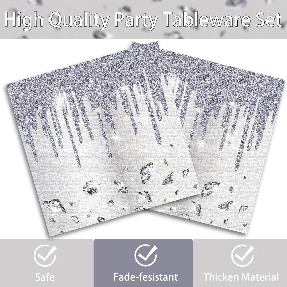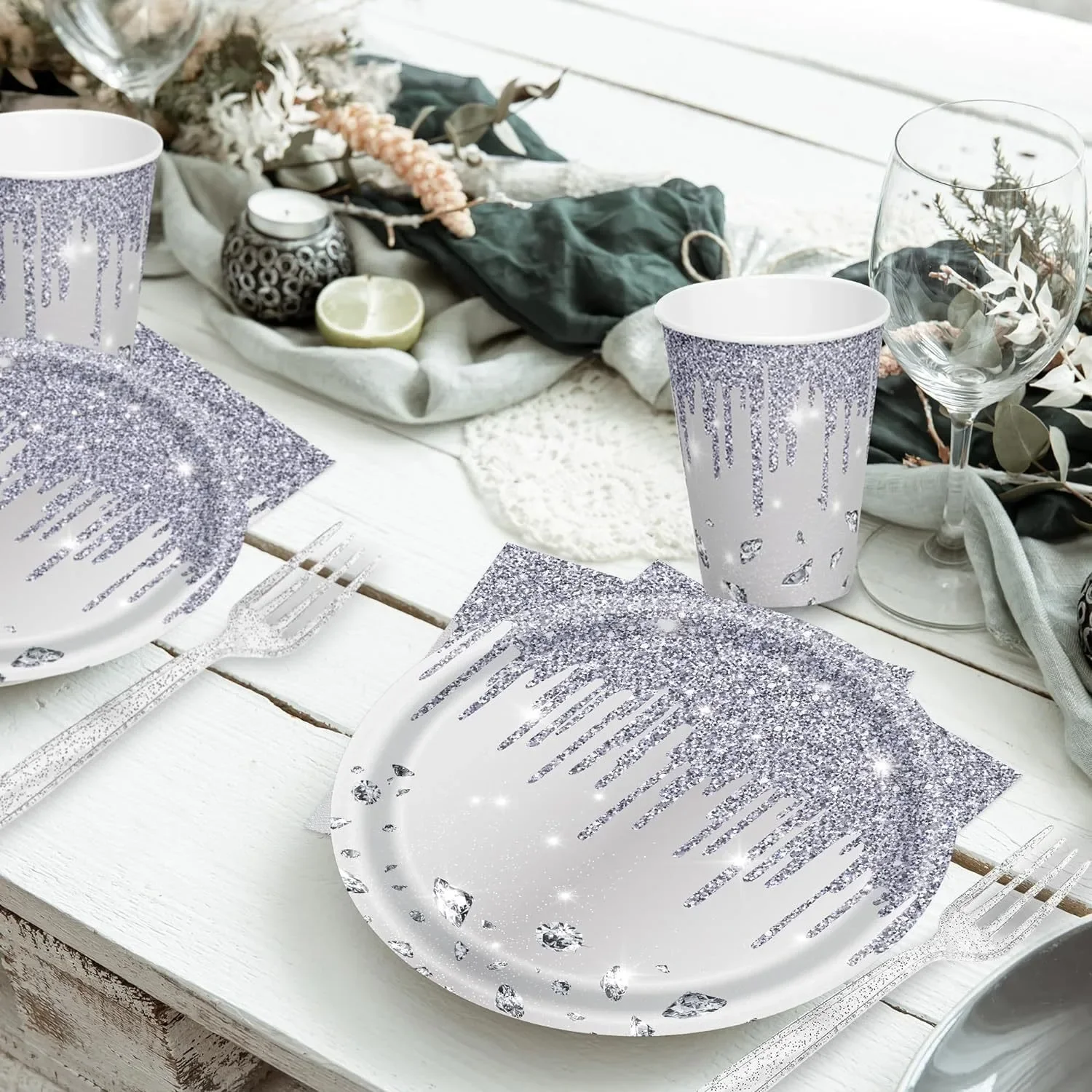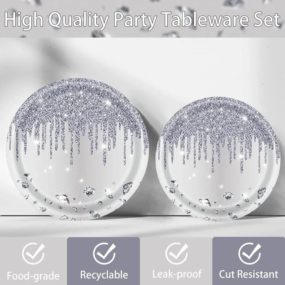 10Guests Silver Shiny Diamond Disposable Tableware Wedding Paper Plate Cups Napkin Happy Princess Birthday Party Decor
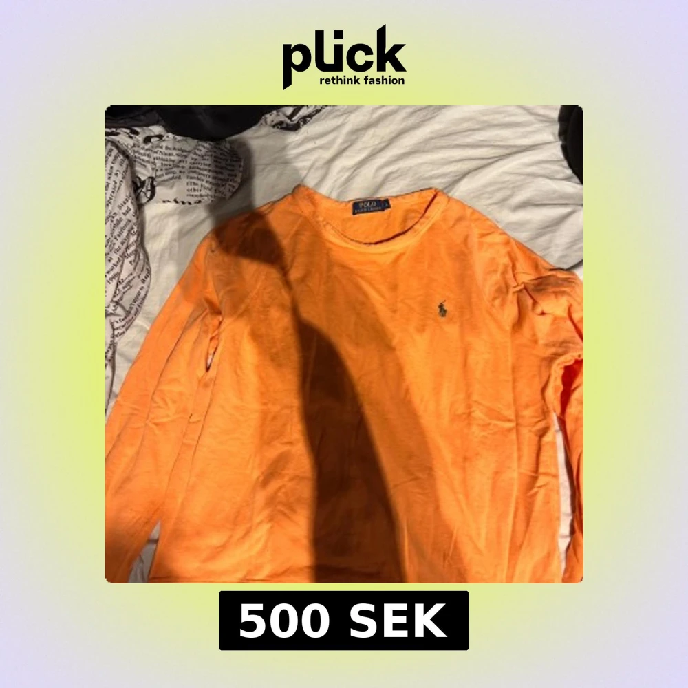 Säljer en snygg orange långärmad tröja från Polo Ralph Lauren. Tröjan har en klassisk design med det ikoniska logotypen broderad på bröstet. Perfekt för en stilren och avslappnad look. Skick 10/10 säljer den på grund av att den aldrig använda pris kan diskuteras vid en snabb affär
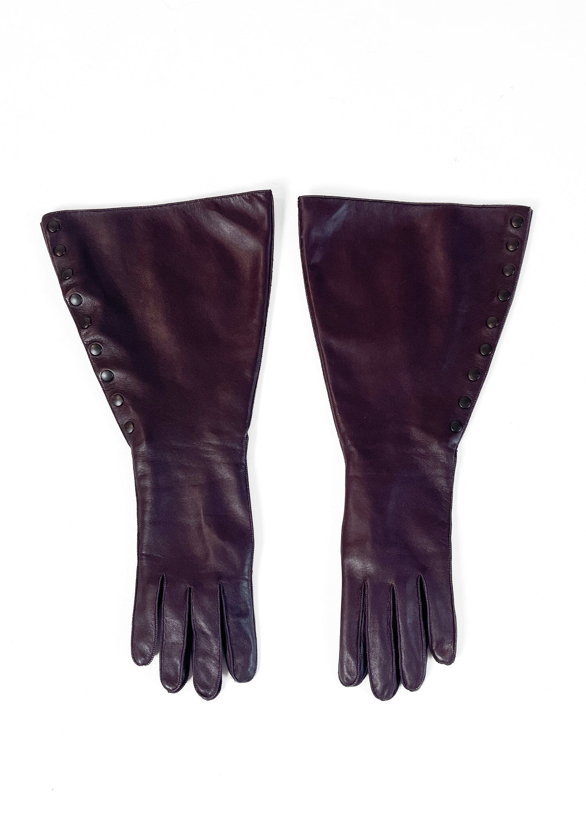 Made from extremely soft nappy leather in a beautiful shade of dark plum. Nine snap fasteners on the side of each glove. Made in France. Original retail price $1390.

THE PROBLEM.
Line for line, retype the material exactly, omitting any pictures.

REPLY TO THE TASK.
 10Guests Silver Shiny Diamond Disposable Tableware Wedding Paper Plate Cups Napkin Happy Princess Birthday Party Decor
 Säljer en snygg orange långärmad tröja från Polo Ralph Lauren. Tröjan har en klassisk design med det ikoniska logotypen broderad på bröstet. Perfekt för en stilren och avslappnad look. Skick 10/10 säljer den på grund av att den aldrig använda pris kan diskuteras vid en snabb affär
 Made from extremely soft nappy leather in a beautiful shade of dark plum. Nine snap fasteners on the side of each glove. Made in France. Original retail price $1390.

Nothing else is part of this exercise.